The priory has a long history of receiving many notable guests. King Robert the Bruce visited three times, in 1306, 1308 and 1310. His visits were likely politically motivated, as the first abbot had sworn allegiance to Edward I, the English King. In 1358 the future King Robert II also stayed at the priory. In 1547 the priory served as a refuge for Mary, Queen of Scots, aged four, hidden here for a few weeks following the disastrous defeat of the Scots army at the Battle of Pinkie Cleugh during the Rough Wooing.

The famous English travel writer, H.V. Morton, visited in the 1930s and wrote:

Far in the middle of the lake was a low greyness that rose and fell in queer shadows, as though the once holy isle of Inchmahome was built up out of lake water like a mirage.

This little island is one of Scotland's shrines; it was here that we can think of Mary Queen of Scots living, for once, happy hour in that first garden of her simpleness.

On Inchmahome, she was hidden when the English were hammering at the gates of Stirling... Legend has labelled every yard of Inchmahome. There are the 'Queen's Bower', the 'Queen's Tree', and the 'Queen's Chamber'.
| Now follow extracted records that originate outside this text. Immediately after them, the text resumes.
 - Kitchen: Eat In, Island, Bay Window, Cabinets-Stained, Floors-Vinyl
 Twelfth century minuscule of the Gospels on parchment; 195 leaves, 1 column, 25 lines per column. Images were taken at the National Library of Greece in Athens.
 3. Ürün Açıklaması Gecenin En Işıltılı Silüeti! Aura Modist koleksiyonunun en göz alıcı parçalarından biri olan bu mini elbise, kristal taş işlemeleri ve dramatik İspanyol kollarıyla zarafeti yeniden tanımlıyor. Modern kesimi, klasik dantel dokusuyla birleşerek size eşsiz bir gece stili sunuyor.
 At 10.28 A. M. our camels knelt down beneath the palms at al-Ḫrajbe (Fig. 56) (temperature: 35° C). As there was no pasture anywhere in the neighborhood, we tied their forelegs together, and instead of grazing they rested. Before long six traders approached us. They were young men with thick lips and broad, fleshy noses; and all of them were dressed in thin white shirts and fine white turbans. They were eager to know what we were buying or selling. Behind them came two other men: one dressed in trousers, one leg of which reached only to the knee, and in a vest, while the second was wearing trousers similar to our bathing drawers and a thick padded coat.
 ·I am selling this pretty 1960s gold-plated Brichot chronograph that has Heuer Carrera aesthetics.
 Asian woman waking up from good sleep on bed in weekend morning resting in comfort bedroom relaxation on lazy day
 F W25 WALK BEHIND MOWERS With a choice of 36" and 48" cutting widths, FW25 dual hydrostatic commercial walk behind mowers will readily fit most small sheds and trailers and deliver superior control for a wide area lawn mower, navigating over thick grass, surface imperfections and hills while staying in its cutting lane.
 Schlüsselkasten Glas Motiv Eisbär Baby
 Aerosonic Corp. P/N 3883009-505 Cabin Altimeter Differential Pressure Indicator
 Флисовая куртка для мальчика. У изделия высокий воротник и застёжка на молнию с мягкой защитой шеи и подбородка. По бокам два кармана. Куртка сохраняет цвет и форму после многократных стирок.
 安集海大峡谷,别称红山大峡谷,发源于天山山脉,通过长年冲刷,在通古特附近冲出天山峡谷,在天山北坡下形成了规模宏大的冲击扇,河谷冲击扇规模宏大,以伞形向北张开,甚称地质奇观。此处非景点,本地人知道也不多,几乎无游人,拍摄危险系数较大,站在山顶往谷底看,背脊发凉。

Although Mary, Queen of Scots, was only on the island for a matter of weeks, at the age of five, fanciful stories have grown up around her on the island. For example, they state that it was here that she started to learn languages, held a mock court with the Four Marys, planted a box hedge and did needle work. A contemporary charter in Mary's name indicates that she was accompanied by her council, narrating that after "the field of Pynkyn Clewiche, quhen we wer transportit furtht of our castell of Streviling to the Isle of Inchemaquhomo by our dearest moder oure tutour and governour and lordis of oure counsall beyng then in the same Isle".